Before leaving, be sure to press the brake pedal several times to bleed the brakes. During the replacement process, we compressed the cylinder pistons; now they need to be returned to their original position so that they press the pads against the brake discs. Don't be alarmed, the pedal may fall to the floor the first two times. After the brake fluid fills the cylinders, it will regain its former elasticity.
We remove the old ones
We jack up the rear wheel of the VAZ 2107 and remove it. You must first take the necessary safety measures: install shoes under the wheels, place a safety stand under the body. This task is usually not difficult. Next it will be a little more difficult. It happens that the brake drum gets stuck to the axle shaft, and it is impossible to remove it using standard means.
In this case, the drum is “torn off” - the guides are unscrewed, the car is started, the gear is engaged and the speed is increased, and then the brake is sharply pressed.
Be very careful when performing this operation - ensure that the VAZ 2107 is securely secured so that it does not fall off the jack.
- We remove the brake drum and check the condition of the brake pad linings. In addition to wear, there may be a partial breakage of the linings, since, unlike the front ones, the rear ones are not solid.
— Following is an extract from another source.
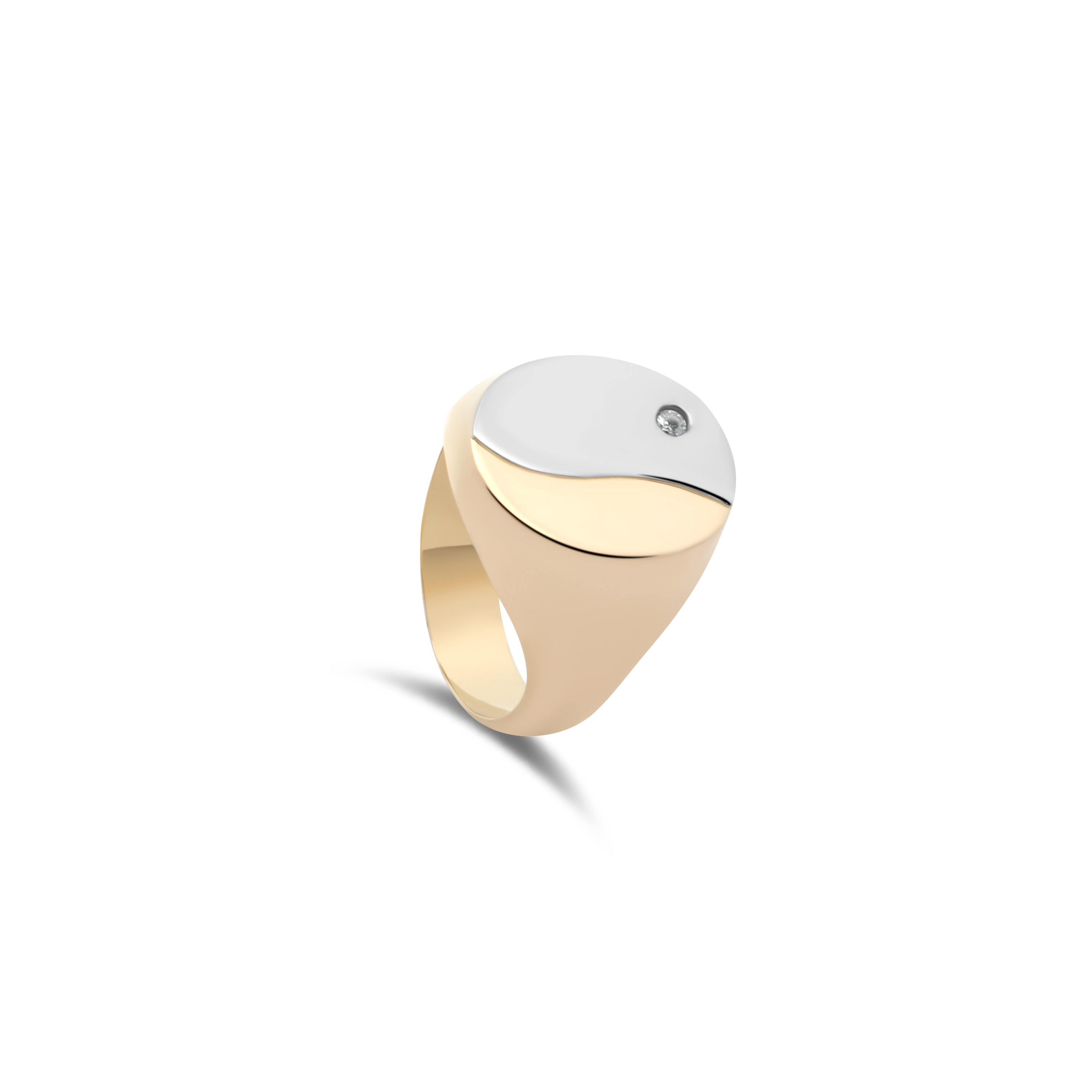 Deze verfijnde ring combineert warm geelgoud met koel witgoud en is gezet met een schitterende natuurlijke witte diamant van 0,05 ct. Het tijdloze ontwerp benadrukt de helderheid en pracht van de diamant, waardoor het sieraad een elegante en veelzijdige uitstraling krijgt. Perfect voor dagelijks dragen én speciale gelegenheden.

We determine whether one or both pads need to be replaced.
- Using a flat-head screwdriver, remove the lower tension spring;
- Using pliers, remove the spring clamps from the guides, turning them until the slots match;
- Using a screwdriver, press on one end of the upper spring and remove it.
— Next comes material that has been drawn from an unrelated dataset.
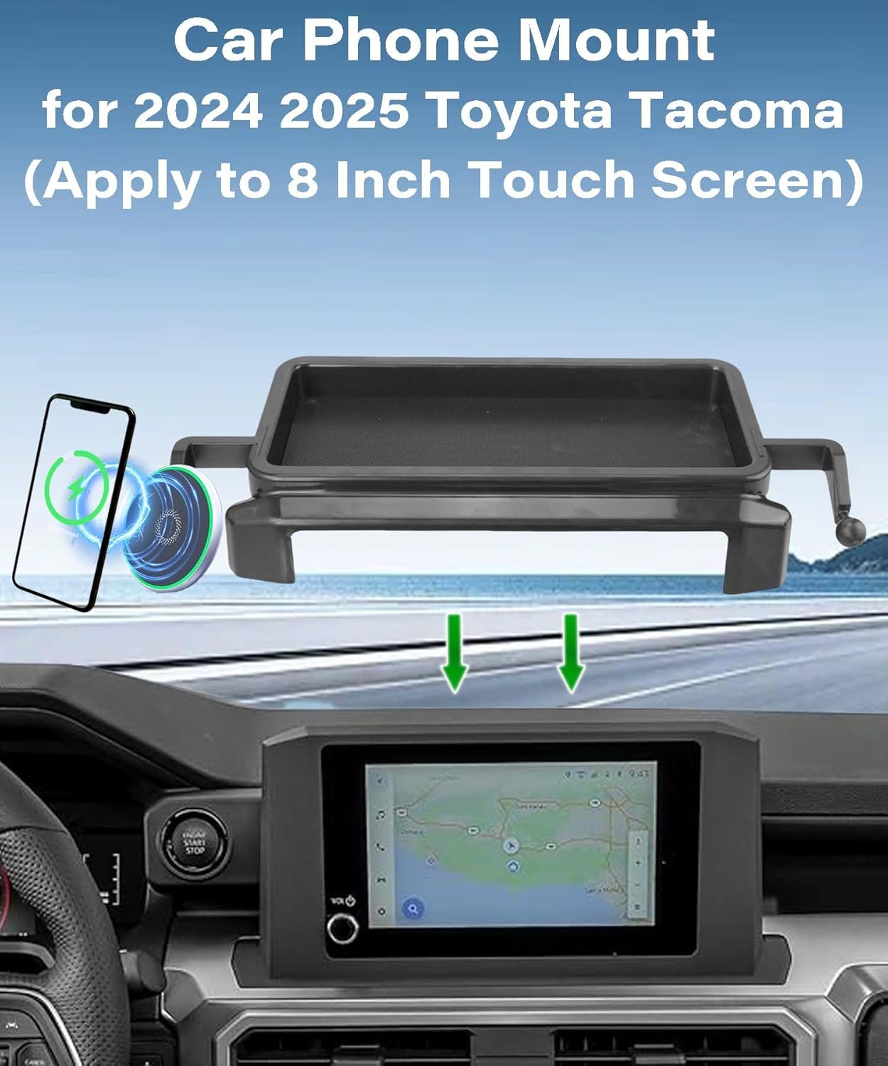 | Whats in the box | 1* Magnetic Ring, 1* Phone Mount for 2024 2025 Toyota Tacoma (Apply to 8 Inch Touch Screen), 1* USB To TEPY-C Charging Cable |

This is the last action, after which nothing holds the pads anymore, and they fall.
Sequence of actions when replacing rear pads
Preparatory stage: a set of automotive tools, rags, liquid for removing deposits, a new parking brake cable, graphite-based lubricant.
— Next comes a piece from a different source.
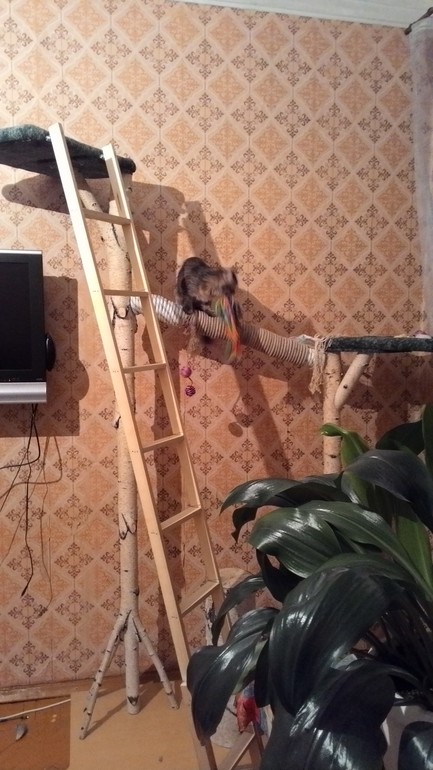 Кошки. Болезни, прививки, советы по уходуПриехали к родителям, а у них во всю уже тест драйв окончательного варианта идет. Кошка так носится по этой своей "стенке", если бы сама не увидела, то не поверила бы, возьмет игрушки в пасть и путешествует по ней.

- We install the car on the inspection hole, fix the front wheels with wheel chocks, remove the rear wheel;
- Underneath the bottom, we unscrew (loosen) the handbrake cable for the convenience of carrying out maintenance work;
- Gently tap the drum guide bolts with a hammer. During operation and installation/disassembly, the bolts stick and are difficult to unscrew. If tapping does not help, spray with liquid to remove deposits, wait 10 minutes, then start unscrewing;
- After removing the drum cover, pay attention to the position of the parking brake lever. If it is not located near the lever, it means it is jammed and must be replaced. If you ignore this signal, it will be problematic to install the drum in its normal position;
- Remove the upper pressure spring, press the strut support, and turn it until it completely coincides with the slot. Remove the two cups and the spring from the stand;
- Disconnect the cable shank from the handbrake lever. We clean the disc from dirt, deposits, and rust;
- We carry out troubleshooting of the brake cylinder and seals. If there are signs of wear, leakage, or deformation, replace it with a new repair kit;
- We remove the parking brake lever from the old pads, take out the cotter pin and washer;
- Please note that the left and right levers are different and not interchangeable. Next, you need to install a spacer bar and move the pads apart. When installed correctly, the lugs are vertical;
- We start a new cable, fix it in the eye;
- We install new pads and assemble the structure in reverse order. If you have any difficulties with installation, it is better to watch the video presented in this manual.
The final stage: adjusting and tensioning the handbrake lever. In accordance with the requirements of the instruction manual, the handbrake should clamp the pads already at 5–6 clicks. Exceeding the norm indicates weakening, and decreasing indicates excessive tension.